Are Photos Enough?

EBay has a policy that allows sellers to list stamps for sale without posting a textual description of the stamps that are being sold. This is apparently a rephrasing of the dictum that “a picture is worth a thousand words” to “a picture is better than words”. This might work for showing pictures of your new grandchild, but it really doesn’t work for philately. When a seller is offering a collection or a group of stamps, it is possible that a scan or a series of scans might do justice in giving buyers a fair idea what is in the lot that is being offered. This is because for larger lots and collections quality doesn’t play as critical a role as it does in the value of individual stamps. Usually with collections of thousands of stamps the quality of the whole reverts to the average with some perfect stamps and some defective stamps, but the average quality of any two collections is much more alike than the quality of any two individual stamps. But allowing individual stamps to be sold without textual descriptions or warranties is allowing your buyers to be bilked. Many experts believe they can tell most of the salient quality details about a stamp from a scan. Certainly you can tell if it’s genuine.
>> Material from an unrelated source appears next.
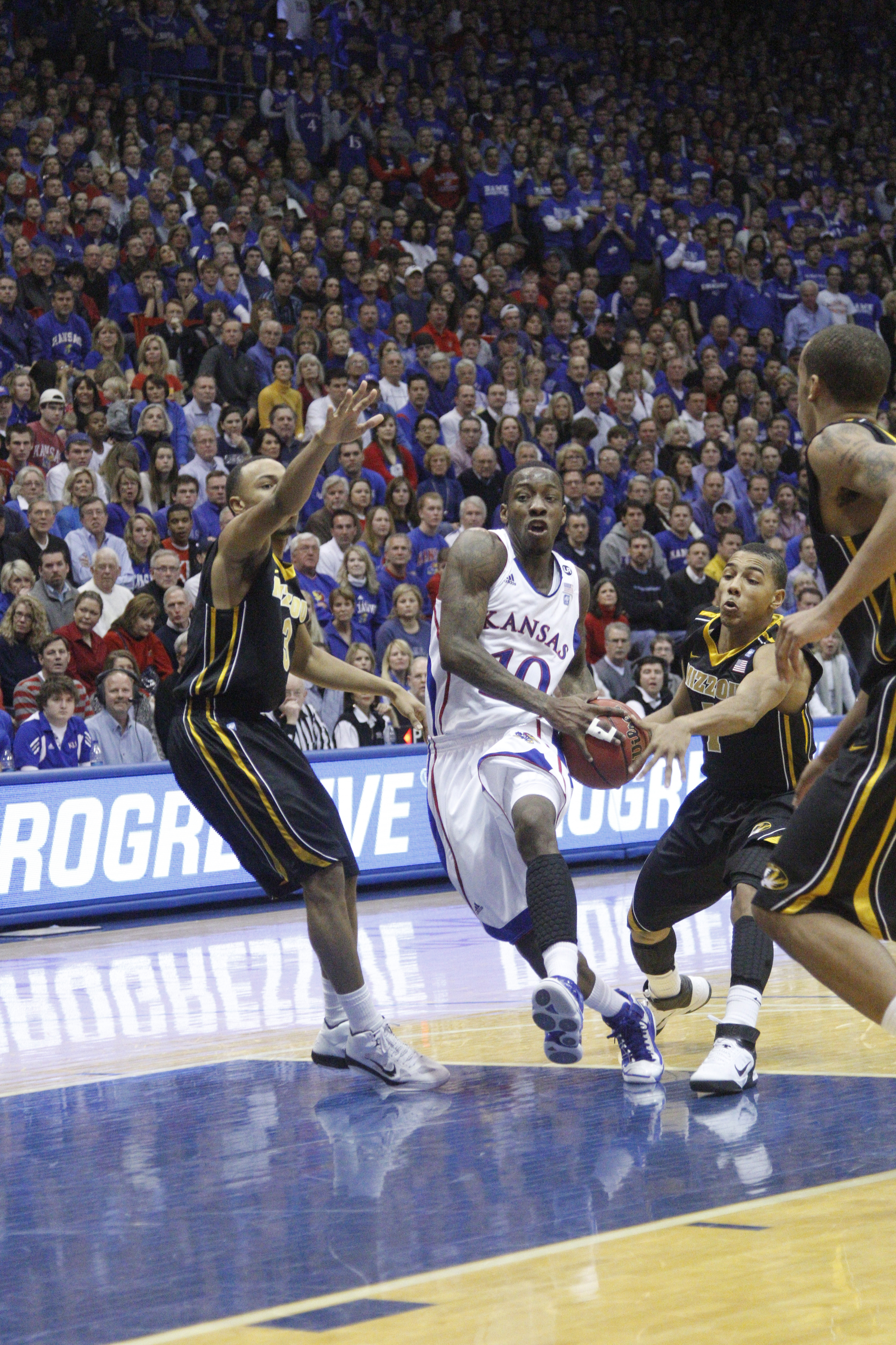 Kansas guard Tyshawn Taylor drives through the lane against the Missouri defense in the first half on Monday February 7, 2011 at Allen Fieldhouse.

But most collectors couldn’t tell if a stamp was repaired or regummmed from a scan and selling a stamp without text is selling it “as is” which is selling it without a warranty of any type. But the problem isn’t that mainstream collectors would be fooled. People who know about repairs and quality issues will view stamps sold without text for what they are-a pig in a poke. It is the very people who most need protection-novices and price buyers-who will be bilked into believing they are buying quality that they are not. If a seller doesn’t have the skill to describe his wares and the ethics and capital to guarantee his description, he should not be selling stamps. Certainly EBay should require at least that of the people who sell on its site.